The set in act 3 was again non-existent, four drop clothes while Abigaille and Babylonian ladies wore modern evening dresses. There were also dead horses either hanging from the ceiling or laying on the stage. The symbol of the Babylonian power was an erected phallic symbol.
When the gods are destroyed in act 4, the symbol breaks in two, quite a ridiculous effect. The set in act 4 was made of very dim arcades that represented nothing implied in the libretto.

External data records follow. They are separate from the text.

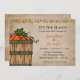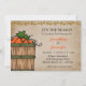 Convite Poste De Casamento. Este convite para o tema do outono é perfeito para uma recepção informal após o casamento. A design inclui uma cesta de abóboras, uma linha de flores caídas e um fundo angustiado.
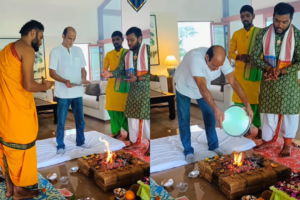 शांति पूजा करते दिखे एक्टर अक्षय खन्ना
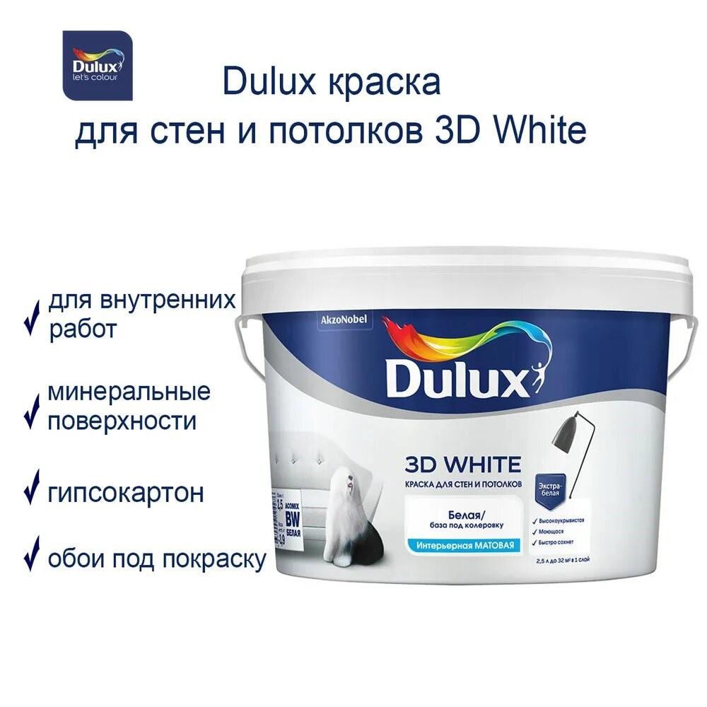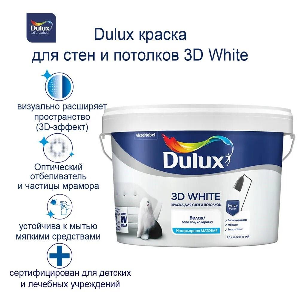 Dulux 3D White — интерьерная акриловая краска с эффектом глубокой белизны и матовым финишем. Создаёт идеально ровное, бархатистое покрытие с высокой укрывистостью и светостойкостью. Благодаря специальной формуле с инновационной технологией 3D White, краска отражает свет, визуально увеличивая пространство и придавая стенам чистый, свежий вид.
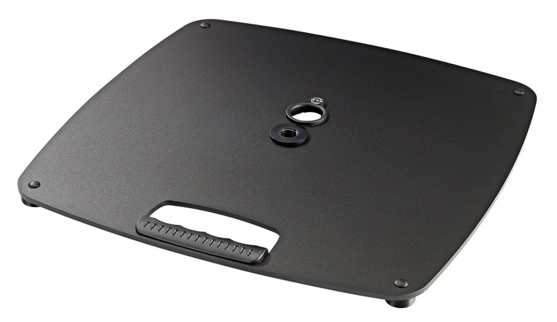 Afrundet kvadratisk fod med kraftige gummefødder, der passer til alle aftstandsrør og højttalerstativer med M20-gevind. Der er hul til kabelføring under pladen og integreret bærehåndtag.
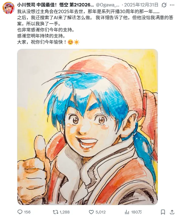 所以在去年跨年时,小川悦司发布了一条推文,表示自己也不知道怎么画了,甚至于求助AI,但给AI都整蒙了,没办法给出他满意的答复。
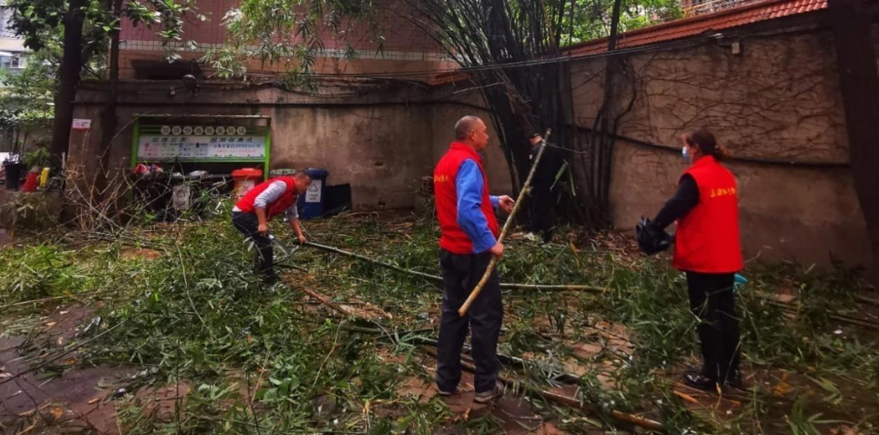 2023年5月1日,嘉源球场街红色物业正式进驻金川阁小区,业主们提出了很多建议和意见,其中大家最为关心的就是小区绿化,最早一批老业主为了美化小区环境,种下的诸多樟树已经长得十几米高了,有的树枝已经伸入到业主家中,有些高处的树枝因为营养无法供应,已经枯萎,枯枝时常砸到小区的车辆,造成了严重的安全隐患,听到此事的易经理立即向园林部门打报告,批准后,易经理一马当先,带领红色物业工作人员,撸起袖子冲在最前面开始整枝清理,小区的业主也纷纷伸出援手一起干。很快阳光透过树枝照进了小区路面,园林局的车辆进入到小区拉走了杂物,解决了居民十几年的老大难问题。业主高兴的心情无以言表,纷纷向红色物业的工作人员点赞的。
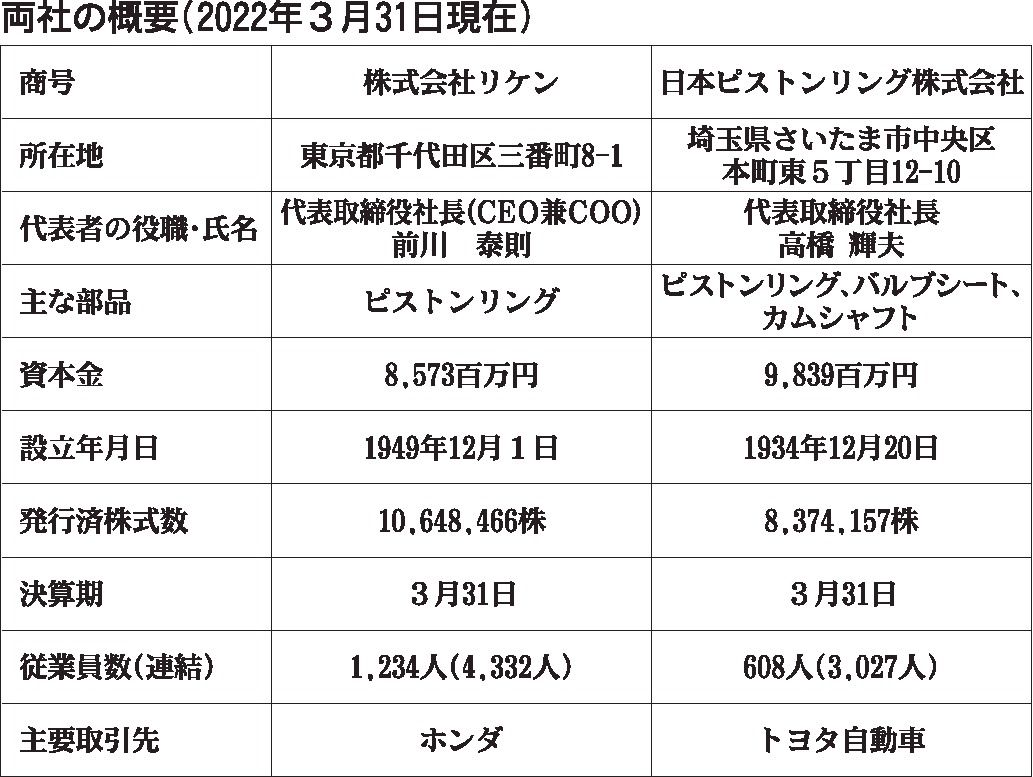 両社はピストンリングをはじめ内燃機関部品が主力で、リケンの主な取引先がホンダで、日本ピストンリングがトヨタ自動車。ライバル会社同士だが、経営統合によって生産拠点の最適化、コスト競争力の強化、非自動車向けエンジン事業の新規創出などを進める。
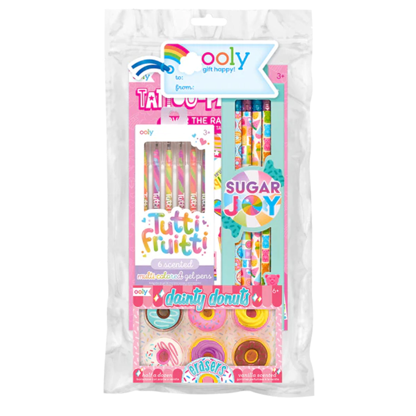 Yaratıcılığı artıran bir set arıyorsanız, bu paket tam size göre! Kurşun kalemlerle yazılar yazın, desenler için; kokulu jel kalemleri kullanarak onları renklendirin... Yazı yazarken hata mı yaptınız? Hiç sorun değil, donut şekillli silgilerle hataları eğlenceli bir şekilde ortadan kaldırın! Rainbow Tattoo Paloora'nın toksik olmayan geçici dövmeleriyle de gününüze eğlence katın!
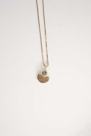 14k yellow gold Aquilla necklace with a 3mm Montana Sapphire. 16" chain 1/4" pendant
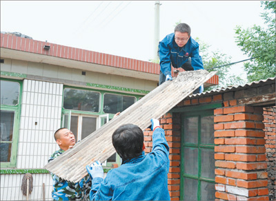 赵奋魁(上)帮助职工修房子。(资料图片)
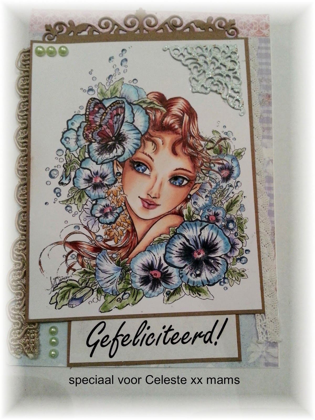 wat een mooie digi`s heeft zij , ik heb haar gekleurd met de copic markers ( ik ben op les bij Kit & clowder en doe de haar en huid klas) erg leuk om te doen deze is dan prima om te oefenen.
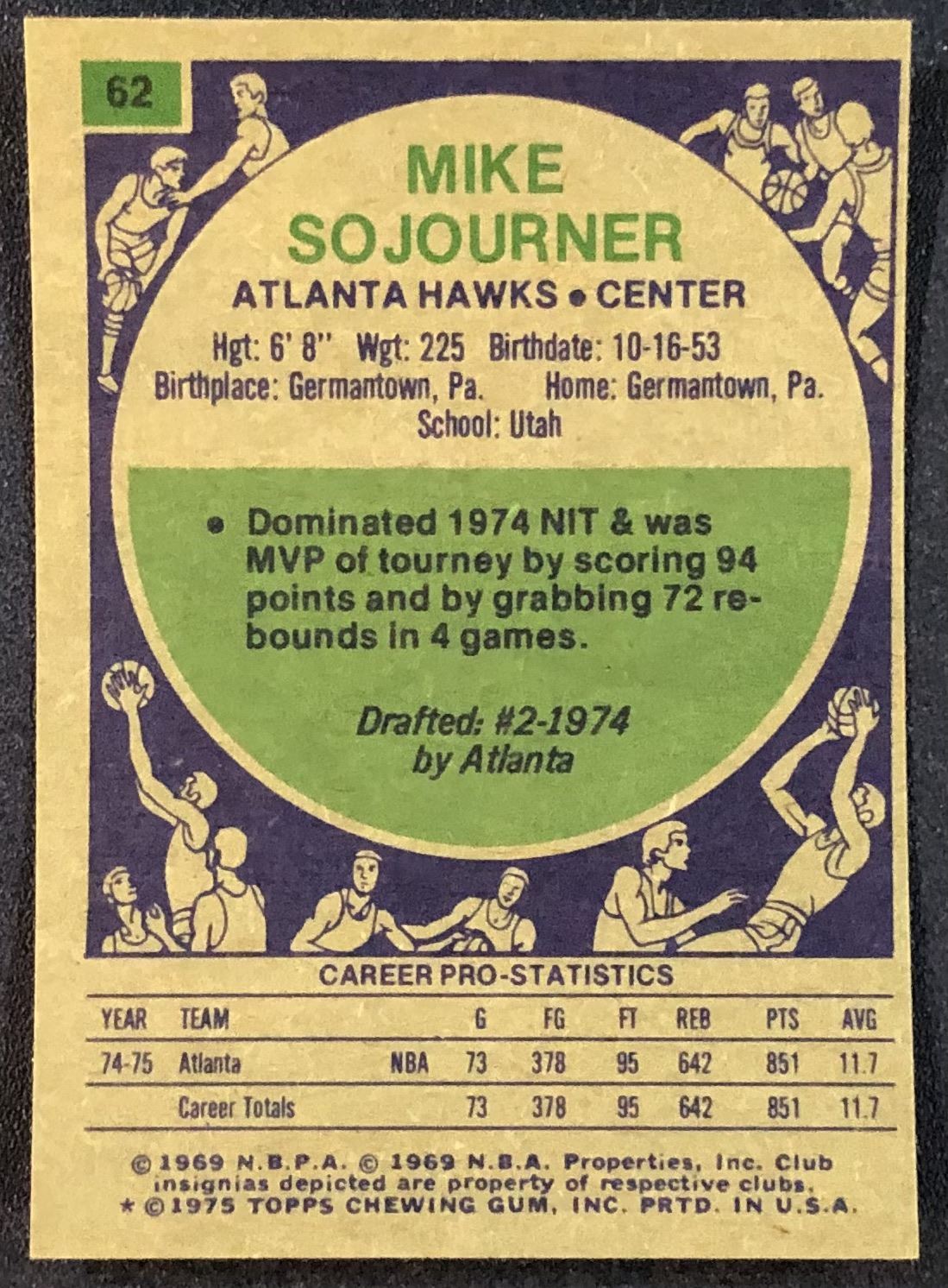 Lot 383 1975-76 TOPPS MIKE SOJOURNER ROOKIE CARD

On the singing side, the Nabucco of Paolo Gavanelli was slow to warm up. In act 1, he was made to enter on a carriage pulled by four horses trampling over dead Jews and wearing a most ridiculous crown. He could not move very well, seemed and sounded ill at ease. In act 2, he had to stand midway on the tower, and he was again ill at ease. However in act 3, he was better. In act 4, Gavanelli produced a lot of piano head tone, his specialty. In his aria, Gavanelli was distracted by the the efforts of Halmen to have the audience entertained by unrelated actions going on while he is singing. Four men, in G-string and tied to ropes, were lowered on the stage, where they crawled away into the wings. If it was not enough, Halmen had Fenena raped during the later part of the aria. As Zaccaria, Roberto Scandiuzzi sounded like a competent utility bass, reliable and dull. He was no match for Furlanetto in Tokyo. It must be noted that he was acclaimed during his curtain call. The Abigaille was Susan Neves, described in the program as having had a triumph as Aida at the Met. She was a reliable singer, more a hausfrau than an Abigaille. She was competent, but did not generate the excitement provided by Guleghina in Tokyo. José Azocar did what he could with the impossible role of Ismaele. I heard Azocar in Lucia di Lammermoor on live tapes from Chile recorded approximately 10 years ago. He made an excellent impression that needs to be reconfirmed by hearing him live in a real tenor role. There were excellent singing and characterization by Robynne Redmon (Fenena), Kevin Conners (Abdallo) and Jennifer Trost (Anna). The Gran Sacerdote was Harry Dworchak. He was described in the program as having made his European debut in 1990, a false statement as I heard him in 1986 in Paris in La donna del lago with Merritt and Blake. Dworchak did not make any impression. Apparently his repertory includes Scarpia, Wotan and Holländer, it is quite difficult to imagine him singing those roles.